13 beautiful places to visit in Arizona

Arizona isn’t just desert. You could live here your whole life and still not have seen all of its beauty. Below are our top picks for your bucket list.

1. Grand Canyon

The Grand Canyon is one of those bucket list items not just for Arizonans or even Americans, but for people from all over the world. It’s one of the Seven Natural Wonders of the world. A spectacular marvel! Awe-inspiring, and stunning! And, it’s right in our own backyard.

It’s a mile long from top to bottom at its deepest and 18 miles wide at its broadest. There are 277 river miles that traverse through the canyon.

The South Rim: It’s open year round and is the most visited section of the canyon. Top lookout points on the South Rim: Lipan Point, Mather Point, Bright Angel Trail (most popular), Hopi Point and Ooh Aah Point (via South Kaibab Trail).

The North Rim: It closes in mid-October and reopens in mid-May every year. If you are looking for less crowded areas of the Grand Canyon, head to the North Rim as it sees about one-tenth of the visitors that the South Rim sees. Top lookout points of the North Rim: Cape Royal, Point Imperial, Ken Patrick Trail, Bright Angel Point and the Grand Canyon Lodge. The Toroweap Overlook is one of the most picturesque spots at the Grand Canyon but it’s only accessible by dirt roads with a four-wheel drive vehicle.
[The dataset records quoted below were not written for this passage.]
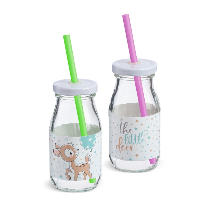 Γυάλινο μπουκάλι γάλακτος 200ml με λευκό μεταλλικό καπάκι. Συνοδεύεται από πολύχρωμα καλαμάκια. Είναι διακοσμημένο με αυτοκόλλητο print ελαφάκι.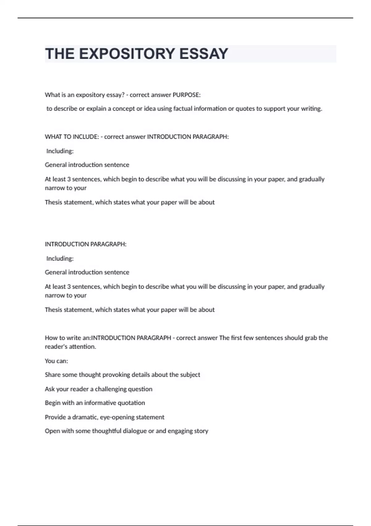 THE EXPOSITORY ESSAY with complete solutions What is an expository essay? - correct answer PURPOSE: to describe or explain a concept or idea using factual information or quotes to support your writing. WHAT TO INCLUDE: - correct answer INTRODUCTION PARAGRAPH: Including: General introduction sentence At least 3 sentences, which begin to describe what you will be discussing in your paper, and gradually narrow to your Thesis statement, which states what your paper will be about INTRODUCTION PARAGRAPH: Including: General introduction sentence At least 3 sentences, which begin to describe what you will be discussing in your paper, and gradually narrow to your Thesis statement, which states what your paper will be about How to write an:INTRODUCTION PARAGRAPH - correct answer The first few sentences should grab the reader's attention. You can: Share some thought provoking details about the subject Ask your reader a challenging question Begin with an informative quotation Provide a dramatic, eye-opening statement Open with some thoughtful dialogue or and engaging story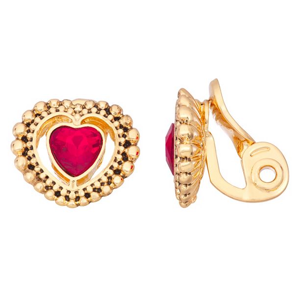 Napier Red Faceted Heart Clip On Earrings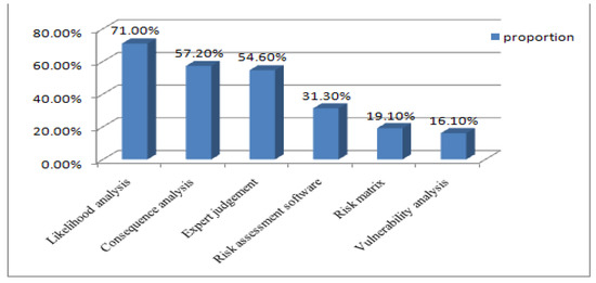 42.7% of CDC respondents reported that they were familiar with risk assessment tools which were recommended by the WHO in regular risk assessment. Among these tools and risk assessment methods, likelihood analysis was well known to 71% of respondents, followed by consequence analysis with 57.2% of respondents. 54.6% were familiarized with expert judgment in risk analysis. Only 19.1% and 16.1% of respondents were familiar with risk matrix and vulnerability analysis (See Figure 2). In addition, 31.3% of respondents indicated that they were proficient in the use of risk assessment software.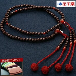 5mm ツユ 瑪瑙(めのう) 高さ8mm 房 くみひも梵天房(正絹) エンジ色 箱 桐箱入り 宗派 真言宗 ツヤのある紫檀と色鮮やかな瑪瑙(め...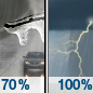Temperature: 44°F Wind Speed: 3 to 9 mph Wind Direction: S Forecast: Rain likely and a slight chance of thunderstorms after 1am. Cloudy, with a low around 44. Chance of precipitation is 60%. |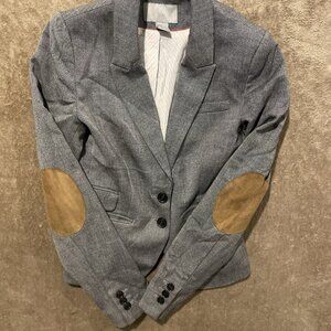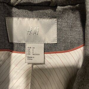 H&M Women's 4 Gray Patch Elbow Two Button Blazer Career Business Casual Pockets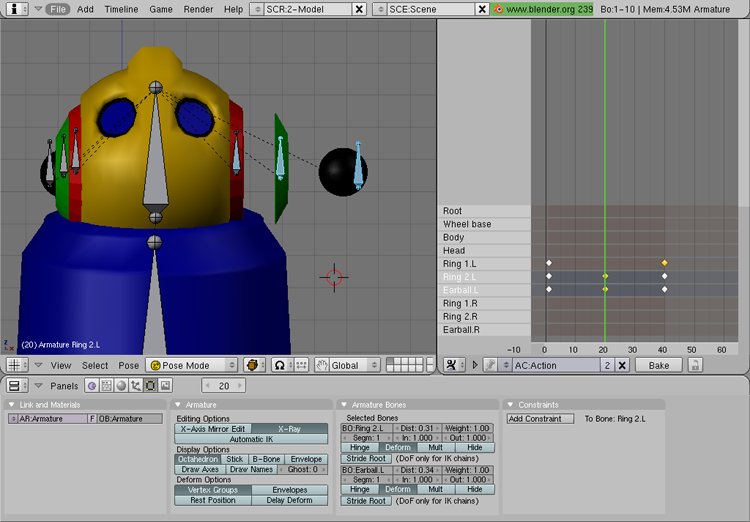 At this point you can go bak todo your ear action and add in actions for the right side of the robo, so that both sides pop out at the same time. After you have added in the new actions for the right side, dont forget todo add action constraints todo the right side ring 2. R and earball. R Bones.

The Colorado River winds through the Grand Canyon. (Source: NPS.gov)
The Colorado River winds through the Grand Canyon. (Source: NPS.gov)(NPS.gov)
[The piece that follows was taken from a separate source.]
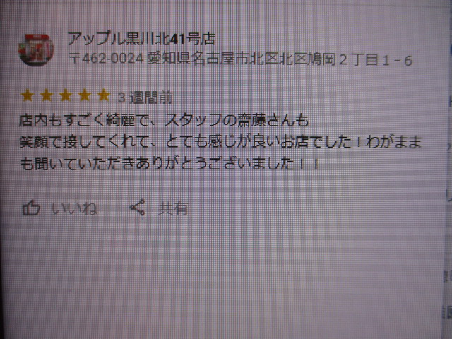 お車のご相談・ 査定だけでもOK! カンタン 入力 30秒 アップルがブランド買取始めました! お電話でも受付中! 受付時間10:00~19:00 ※毎週水曜定休日 052-508-9641 お車のご相談・ 査定だけでもOK! カンタン 入力 30秒 アップルがブランド買取始めました! お電話でも受付中! 受付時間10:00~19:00 ※毎週水曜定休日 052-508-9641 アップルがブランド買取始めました! お電話でも受付中! 受付時間10:00~19:00 ※毎週水曜定休日 052-508-9641 店舗情報 在庫車 スタッフ紹介 ブログ お客様の声 キャンペーン お得 無料査定 click お客様の声 ご記入日: 2020/02/20 匿名様 店内もすごく綺麗で、スタッフの齋藤さんも笑顔で接してくれて、とても感じが良いお店でした!わがままも聞いていただきありがとうございました!! 前へ 次へ お客様の声一覧を見る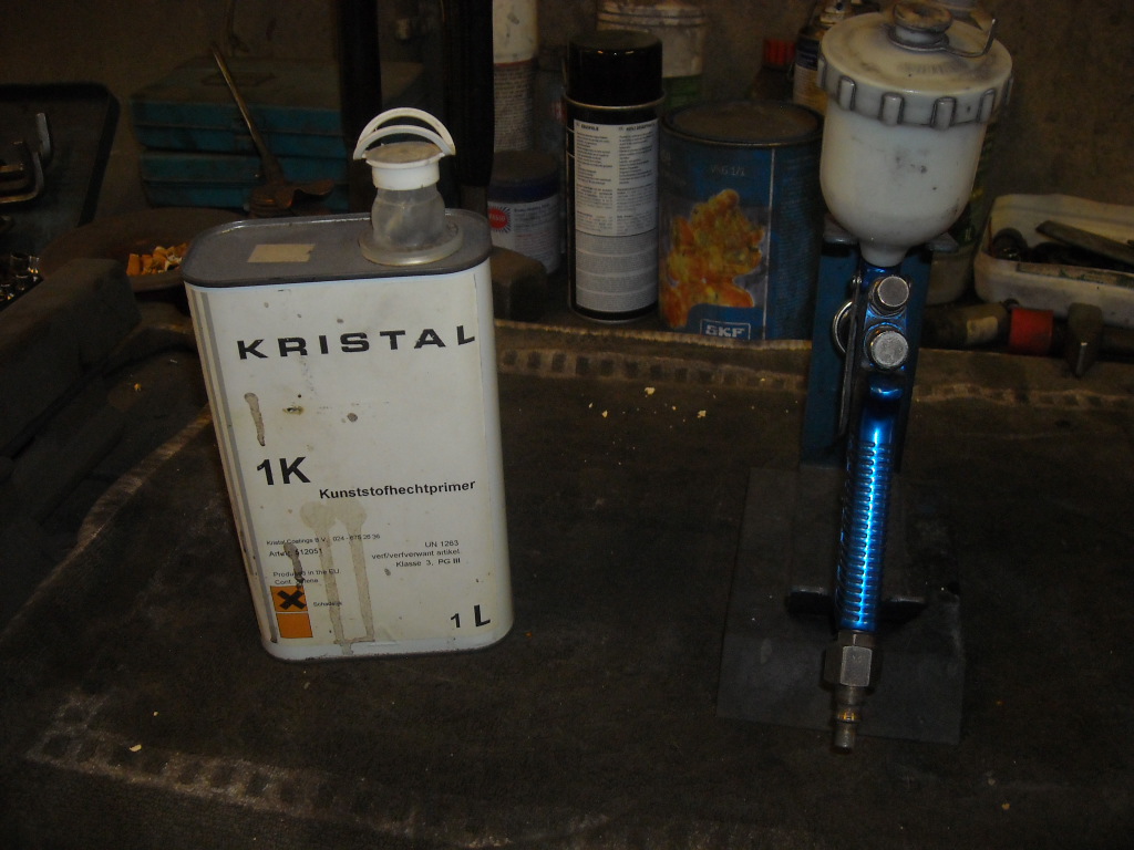 This morning I degreased all the parts that have to become glossy black and spraypainted them.

Scenic Drives: Hermit Road is a seven-mile drive around the canyon rim and you can do it in your own vehicle from Dec. 1 through Feb. 28. Any other time, you must take the park’s shuttle buses. The Desert View Drive is 22 miles long and offers better views of the Colorado River and its rapids than Hermit Road.

Popular Trails: Located at the South Rim, The Bright Angel Trail is one of the most popular trails. Other popular trails are Rim, South Kaibab, North Kaibab, Cape Final, Bright Angel Point, Hermit, Rainbow Rim and Grandview Trails. Every year, thousands of people apply for a Rim-To-Rim permit. There is a strategy to increase your chances of obtaining a Rim-To-Rim permit.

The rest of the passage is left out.